YOUR GOAL –
Every line of the material below needs to be copied exactly; omit the pictures.

··· PROVIDED DATA

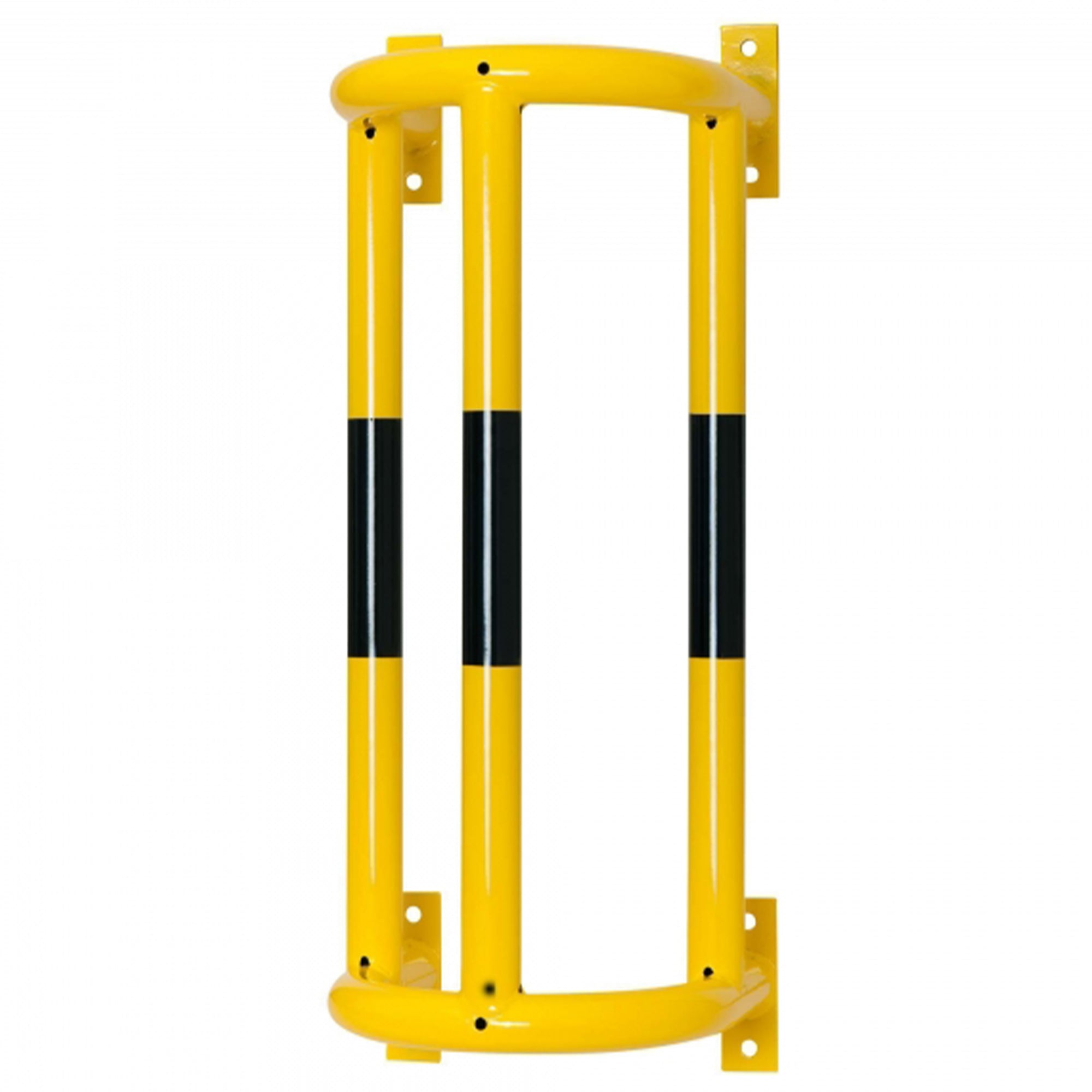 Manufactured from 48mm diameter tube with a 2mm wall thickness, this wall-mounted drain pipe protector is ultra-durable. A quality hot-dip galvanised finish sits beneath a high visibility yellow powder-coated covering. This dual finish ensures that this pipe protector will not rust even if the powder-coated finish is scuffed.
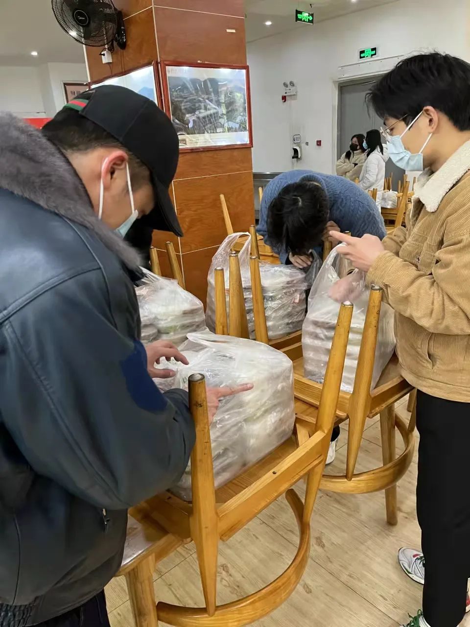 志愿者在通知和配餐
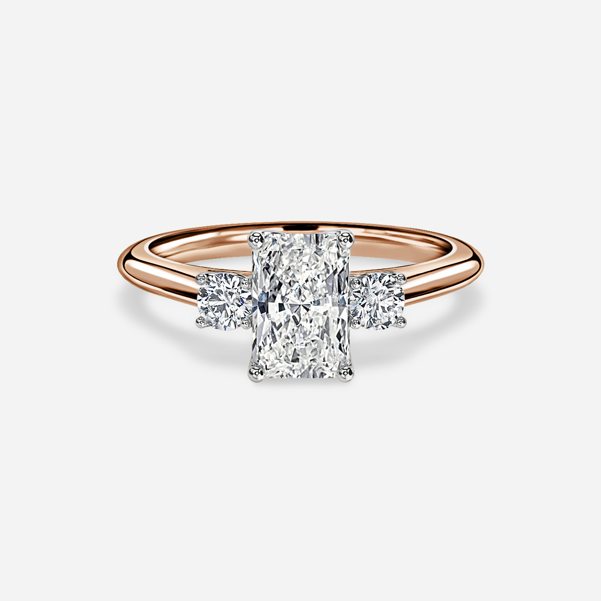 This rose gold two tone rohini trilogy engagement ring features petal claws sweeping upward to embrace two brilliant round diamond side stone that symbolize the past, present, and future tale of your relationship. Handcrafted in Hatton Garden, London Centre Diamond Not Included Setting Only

······

YOUR RESPONSE –
 Manufactured from 48mm diameter tube with a 2mm wall thickness, this wall-mounted drain pipe protector is ultra-durable. A quality hot-dip galvanised finish sits beneath a high visibility yellow powder-coated covering. This dual finish ensures that this pipe protector will not rust even if the powder-coated finish is scuffed.
 志愿者在通知和配餐
 This rose gold two tone rohini trilogy engagement ring features petal claws sweeping upward to embrace two brilliant round diamond side stone that symbolize the past, present, and future tale of your relationship. Handcrafted in Hatton Garden, London Centre Diamond Not Included Setting Only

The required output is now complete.